俺と未歩が、互いに手を繋いだまま······地面に倒れ伏す。大型のトラックに引かれたようだ。体がぐちゃぐちゃになった光景だが、手だけはしっかりと握りしめている。
「桜木未歩は秋月龍人を求めるわ。互いに求め合う二人はーー互いに違う道を歩もうとしても······」
違う本を開く。俺と未歩は、互いに違う相手と過ごす姿が描かれ。次のページを開く、互いに違う相手と結婚したようだ。お互いを祝福する姿。

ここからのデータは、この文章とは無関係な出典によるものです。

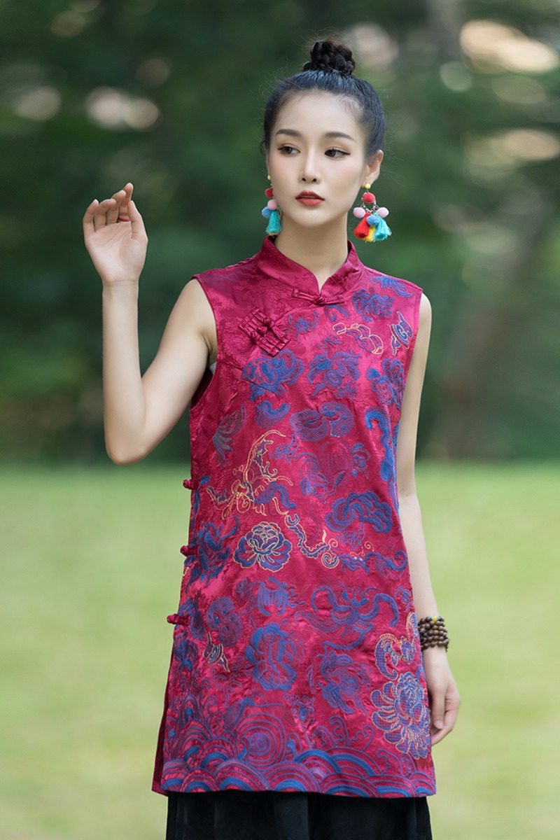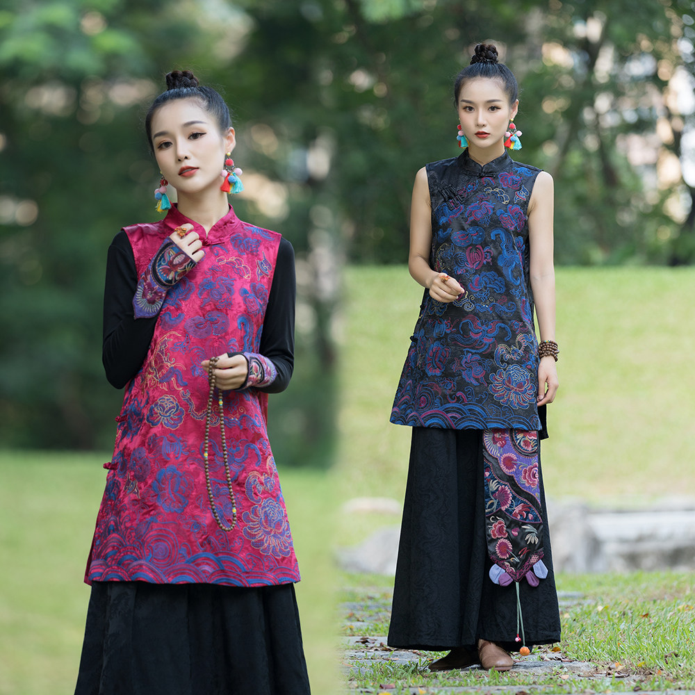 Этническое ципао, длинный жилет, куртка, осеннее, этнический стиль, средней длины, китайский стиль, с вышивкой

横のページには、互いに電話をしている光景。互いの近況を話してるのだろうか?ページを捲る。
新聞の記事が見える。崩落したトンネルの記事のようだ。記事を見やりーー大型のバスに乗車していた乗客の文字の中に、田中未歩と書かれた文字があった。
「桜木未歩が幸せである世界を築いた時点で、秋月龍人は敗者なのよ」
八方塞がり。覆せない事実。桜木未歩が幸せである世界は、俺が望んだ世界は······何をしようが結果は同じ。じゃあ、どうすればこれは終わるのか?

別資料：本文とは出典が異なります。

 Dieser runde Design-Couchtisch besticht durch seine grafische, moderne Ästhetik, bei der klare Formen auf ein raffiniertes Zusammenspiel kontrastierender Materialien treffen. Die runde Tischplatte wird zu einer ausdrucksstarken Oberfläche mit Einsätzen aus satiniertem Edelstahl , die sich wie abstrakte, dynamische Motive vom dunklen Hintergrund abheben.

「故にーーお互いにお互いの幸福を願う以上、これは終わらない世界なのよ。唯一終わりを向かえるとした場合」
「どちらかの存在を······根底から無かった事にすればいいのよ。ところが、これだとお互いに根底から存在を消そうとしてしまうのよ。どちらもお互いの存在を、存命させたいようね」
「互いに存在を無かった事にし合う二人は、互いの世界にズレを生じさせたわ。そのズレはーー互いに永久に続く現実の先にある未来を、互いに否定してしまったのよ」
そう言って、片桐は何かを探すように本を手に取り。ある古びた本を探し当てると、その本のページを捲り、俺へと見せるように置いた。
「その結果ーー秋月が無限に続けていた世界の構築の際に······」
本に描かれていたのは、ラフ画の光景だ。そこには、肘から先を両方失ったーー未歩の泣き叫ぶ姿が描かれていた。

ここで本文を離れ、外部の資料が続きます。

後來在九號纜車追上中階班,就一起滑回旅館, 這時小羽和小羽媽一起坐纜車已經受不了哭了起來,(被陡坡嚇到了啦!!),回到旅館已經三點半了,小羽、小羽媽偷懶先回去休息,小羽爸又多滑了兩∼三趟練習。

次のページには、俺が手を伸ばすが掴めない光景。シルヴァが俺を逃さないように、裾を引きずり上げているようだ。ページを捲る。
真っ直ぐに殴り書きされた一本の線を隔て、未歩と俺は互いに違う世界へと降り立った光景。この線はーー境界線?のような意味だろうか?
互いの世界が違うと解るように、風景や建物が別個に描かれているようだ。互いの背中が、その世界に描かれている。
「互いを別の次元の世界へと隔離する。このような現象が発生したのよ。ただーーこれだと秋月は、桜木未歩が存在しない世界を生きなければいけないわ」
「それを受け入れる事を拒んだ秋月は、桜木未歩が存在する世界へのーー道を作ろうとしたわ。世界を変革し、桜木未歩が存在する別の次元の世界へと、この構築した世界を繋ぎあわせようとしたのよ」
「ところが、桜木未歩はそれを許さないわ。何故か?秋月龍人をーー救う為よ」
ページを捲る。
「この異常な牢獄のような世界で秋月龍人を救う為に、桜木未歩は救いにくるであろう秋月龍人へと、対抗策を用意するわ」
そこには、ソロと未歩が互いに向かい合う光景が描かれている。笑うソロの顔が、妙に癪だ。
「それがーー別の次元の世界にいる秋月龍人へと、桜木未歩の一部を送りつける。簡単に言えば、桜木未歩の精神の一部を、別の次元の秋月龍人の傍に存在するように送り付けたのよ」
「そうすることにより、秋月龍人が次元の違う世界への繋がりを持たずに済むわ。永久的に続く世界の繰り返しから、脱却する道に繋がるかもしれないもの」
「ところが、秋月龍人はーー何処かで桜木未歩に違和感を覚えるわ。精神の一部を送りつけたとは言え、全てが等しく桜木未歩その者ではないからよ」
そう言い片桐は金色の髪を払い、本を見せながら俺へと視線を向け。
「違和感を抱えた秋月はそれでもーー目の前の桜木未歩を救う事を、やめるわけがないのよ。桜木未歩は、精神の一部を送りつけたのだから、現状を把握することは容易だったのよ」
「変わらない現状を知った桜木未歩は、それでも秋月龍人を救いたかったのよ。とすれば、次にする事は非常に簡単なことだわ。桜木未歩は秋月龍人がいる次元の違う世界へ、直接干渉することにしたのよ」
「干渉することにしたのはいいけれど、次元の違う世界へどうやって繋がりを作るか?どうやって、秋月龍人が存在している世界の場所を特定するか?桜木未歩はーー」
「その問いには、あたしが答える」
不意にその声が聞こえ、俺は椅子から立ち上がる。声のした方を向くとーーワンピース姿の未歩が、穏やかに微笑みながら手を振っているのだ。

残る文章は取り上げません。